We just change the model path to the fine-tuned StarCoder2-3B model on Hugging Face. If you train and upload your version of the model, you can use that as well.

import transformers
import torch
import argparse

parser = argparse.ArgumentParser()
parser.add_argument(
    '--prompt',
    help='user prompt',
    default='Write Matplotlib code to read and display an image'
)
args = parser.parse_args()

pipeline = transformers.pipeline(
    model='sovitrath/starcoder2-3b-instruct',
    task='text-generation',
    torch_dtype=torch.bfloat16,
    device_map='auto',
)

def respond(instruction: str, response_prefix: str) -> str:
    messages = [{'role': 'user', 'content': instruction}]
    prompt = pipeline.tokenizer.apply_chat_template(messages, tokenize=False)

    prompt += response_prefix

    teminators = [
        pipeline.tokenizer.eos_token_id,
        pipeline.tokenizer.convert_tokens_to_ids('###'),
    ]

    result = pipeline(
        prompt,
        max_length=1024,
        num_return_sequences=1,
        do_sample=False,
        eos_token_id=teminators,
        pad_token_id=pipeline.tokenizer.eos_token_id,
        truncation=True,
    )
    response = response_prefix + result[0]['generated_text'][len(prompt) :].split('###')[0].rstrip()
    return response


instruction = args.prompt
response_prefix = ''

print(respond(instruction, response_prefix))

In the above script, we import the necessary arguments and have a command line argument parser to pass user prompts while executing the code.

First, we load the model and then have a respond function that accepts the user prompt and a response_prefix.

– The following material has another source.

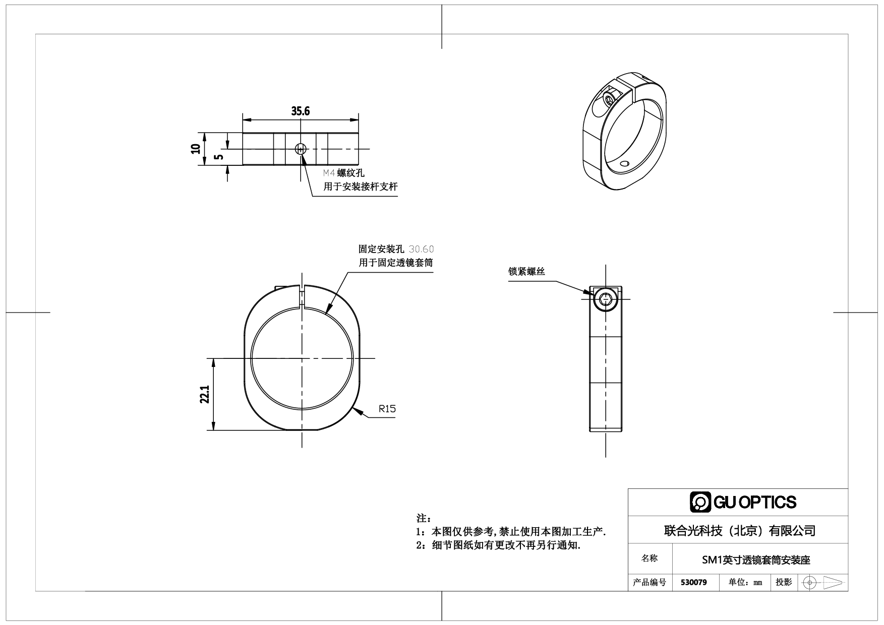 2. 可安装SM05、SM1、SM23透镜套筒;

Next, we define the message and apply the tokenizer to the chat template that will add all the necessary strings that the model recognizes. We discuss more about chat/prompt templates in this article while creating a custom Phi-3 Gradio chat application.

Finally, we pass the prompt through the pipeline and return the response to be printed on the terminal.

Let’s execute the script with the default prompt.

python inference.py

We get the following output from the model.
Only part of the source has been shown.